Depado
Depado

Reputation: 4931

How do I check gnome-shell notifications with Python?

I'm having quite some trouble doing that :
I'm using Conky on my Archlinux distro and coded a quick script in python to check if I have a new mail in my gmail. In my conkyrc this script executes every 5 minutes and returns a number of mails (0 if I don't have any). Works fine.

What I wanted to do is :
If the number of mail is > 0 then display a notification (a gnome-shell notification). The only problem I have now is that if I have unread mails (for example 4 mails unread), each 5 minutes, there will be a NEW notification saying that I have 4 mails unread. What I would like to do is checking if there is already a notification so that I don't have to display it again... Does anyone know how to solve that kind of problem ?

Here is my code :

#!/usr/bin/python

from gi.repository import Notify
from urllib.request import FancyURLopener

url = 'https://%s:%[email protected]/mail/feed/atom' % ("username", "password")

opener = FancyURLopener()
page = opener.open(url)

contents = page.read().decode('utf-8')

ifrom = contents.index('<fullcount>') + 11
ito   = contents.index('</fullcount>')

unread = contents[ifrom:ito]

print(unread)

if unread != "0" :
    Notify.init ("New Mail")
    Hello=Notify.Notification.new ("New mail","You have "+unread+" new mail(s)","/usr/share/icons/Faenza/actions/96/mail-forward.png")
    Hello.show ()

I must precise that I'm quite new to python. Thanks in advance if anyone got a solution :)

Upvotes: 0

Views: 561

Answers (1)

Appleman1234
Appleman1234

Reputation: 16116

One possible solution is serialise the value of unread into a file.

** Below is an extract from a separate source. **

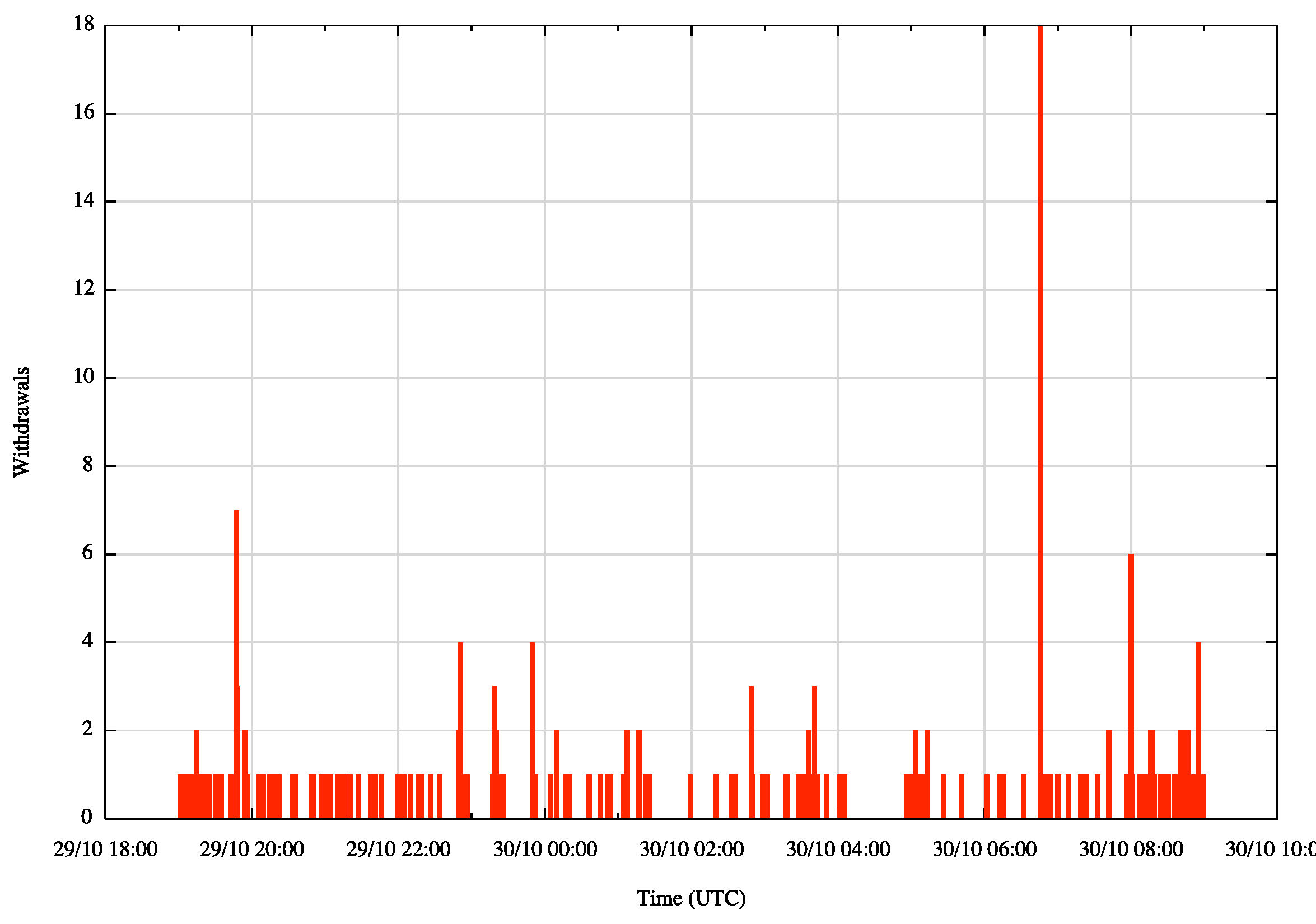 What about the other large set of routes, those 224 withdrawn routes from Russia? This presents differently, in so far as there is no single event that withdraws the majority of these routes. There is a steady trickle of single withdrawals over the 14 hour period, with just one event withdrawing 18 routes (Figure 7). Many of these routes include AS 12389 (ROSTELECOM), and AS12389 has connections to a number of providers for transit towards Asia/Pacific, including AS1273 (Cable and Wireless), AS2914 (NTT America), AS25165 (KDDI), AS3257 (TINET) and AS6762 (SEABONE, Telecom Italia). Over this 14 hour period we saw some 20,453 updates relating to these Russian routes, but the level of service disruption in terms of extended period of unreachability was much lower.

Then change your check from if the number of mails is greater than 0, to if the number of mails is greater than zero or different from the last serialised count from file.

An extension of this is to also serialise the time when a notification is run along with the mail count, this way you extend the check to show the repeat notification (showing 4 emails twice, not every 5 minutes say, but every 3 hours).

So your original check was if unread != "0" : it would become something like if unread != "0" && unread != serialisedvalue: . In the show repeat notification time threshold case it becomes

if unread != "0":
    if ((datetime.now() - serialiseddate) < threshold) :
        if unread != serialisedvalue:

Where threshold = 3600*3 is for 3 hours.

Sample code for serialising and deserialising is below

#Serialising
try:
    # This will create a new file or **overwrite an existing file**.
    f = open("mailcount.txt", "w")
    try:
        f.write(unread + "\n") # Write a string to a file
        f.write(datetime.now().strftime('%b %d %Y %I:%M%p'))
    finally:
        f.close()
except IOError:
    pass

#Deserialising 
try:
    f = open("mailcount.txt", "r")
    try:
        # Read the entire contents of a file at once.
        serialisedvalue = f.readline()
        serialseddate = datetime.strptime(f.readline(), '%b %d %Y %I:%M%p')
    finally:
        f.close()
except IOError:
    pass

Another possible solution would be to get the current active notification count somehow and add that to your condition, though I couldn't find a method for doing that using the API that Notify uses.